--- Problem to work on ---
Pictures are to be left out; every line from the one that holds "1. 다음백과 홈페이지에" to the end of the data is to be retyped exactly.

--- Provided data ---
——
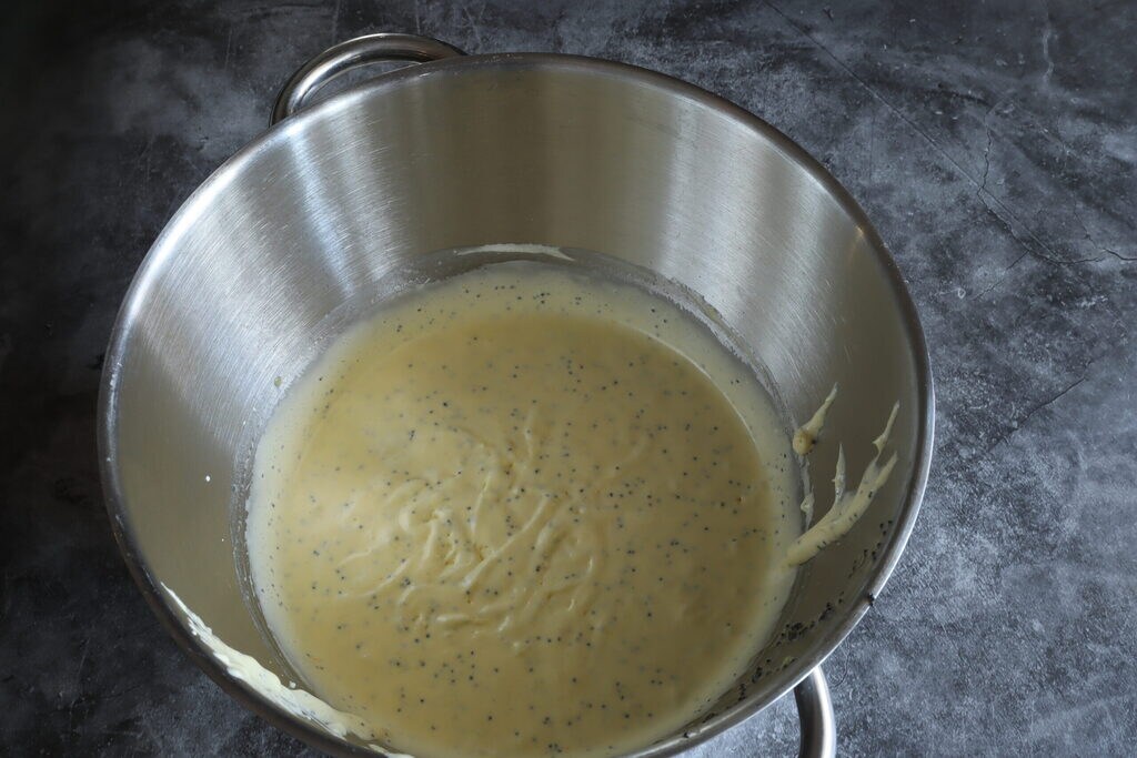 • Adiciono a manteiga com as sementes de papoula e o limão ralado, completo com o leite alternando com a farinha e o fermento.
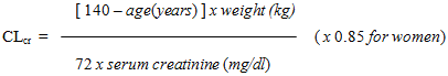 Patients with moderate to severe renal impairment: the dosing intervals must be individualized according to renal function. Refer to the following table and adjust the dose as indicated. To use this dosing table, an estimate of the patient's creatinine clearance (CLcr) in ml/min is needed. The CLcr (ml/min) may be estimated from serum creatinine (mg/dl) determination using the following formula:
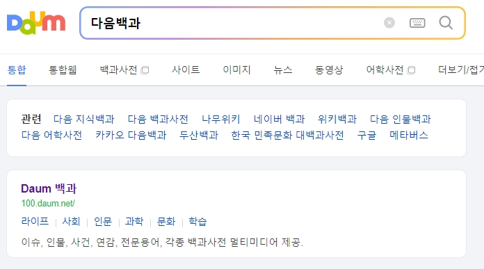 1. 다음백과 홈페이지에 접속합니다. 다음백과는 다양한 주제와 키워드에 대한 상세한 정보를 제공하는 백과사전 서비스입니다.
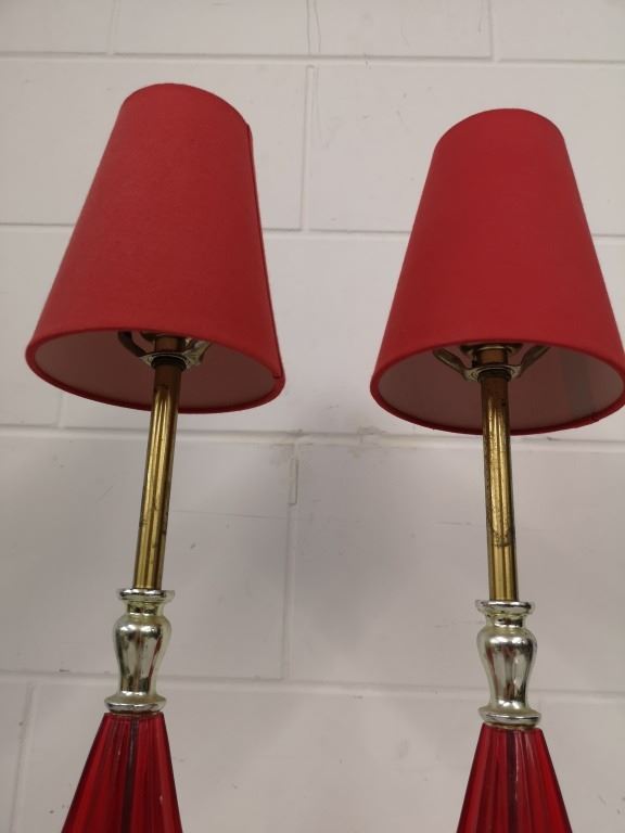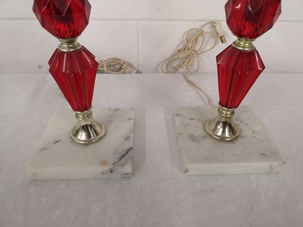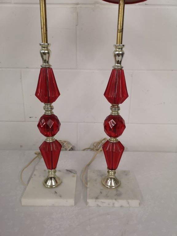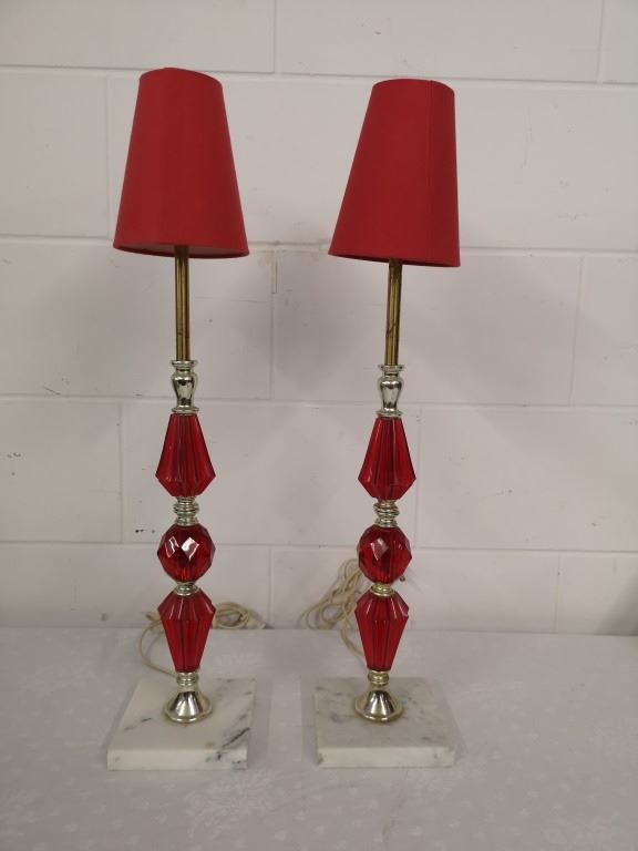 These vintage lamps come to you in good pre-owned condition with some scuffs and scrapes on the metal frame and some chips and marks presents on the marble style bases. They are tested and working (light bulbs included). They are approximately 24.25 in tall and the shades have a 4.5 in diameter and are 5.75 in tall.
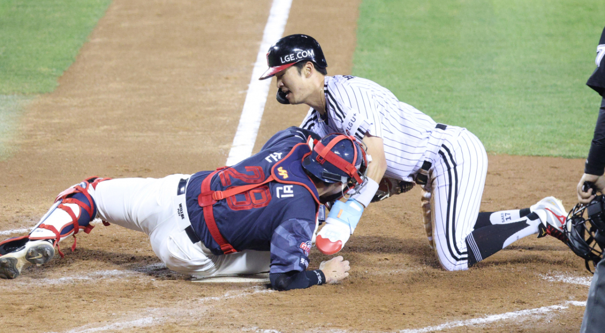 2026 신한 SOL KBO리그 LG 트윈스와 롯데 자이언츠의 경기가 14일 서울 잠실야구장에서 열렸다. LG의 박해민 선수는 4회말 1사 3루 상황에서 이주헌의 좌익수 플라이 때 홈으로 쇄도했다. 그러나 롯데 포수 손성빈에게 태그아웃되며 득점에 실패했다.
——
--- Exercise result ---
 1. 다음백과 홈페이지에 접속합니다. 다음백과는 다양한 주제와 키워드에 대한 상세한 정보를 제공하는 백과사전 서비스입니다.
 These vintage lamps come to you in good pre-owned condition with some scuffs and scrapes on the metal frame and some chips and marks presents on the marble style bases. They are tested and working (light bulbs included). They are approximately 24.25 in tall and the shades have a 4.5 in diameter and are 5.75 in tall.
 2026 신한 SOL KBO리그 LG 트윈스와 롯데 자이언츠의 경기가 14일 서울 잠실야구장에서 열렸다. LG의 박해민 선수는 4회말 1사 3루 상황에서 이주헌의 좌익수 플라이 때 홈으로 쇄도했다. 그러나 롯데 포수 손성빈에게 태그아웃되며 득점에 실패했다.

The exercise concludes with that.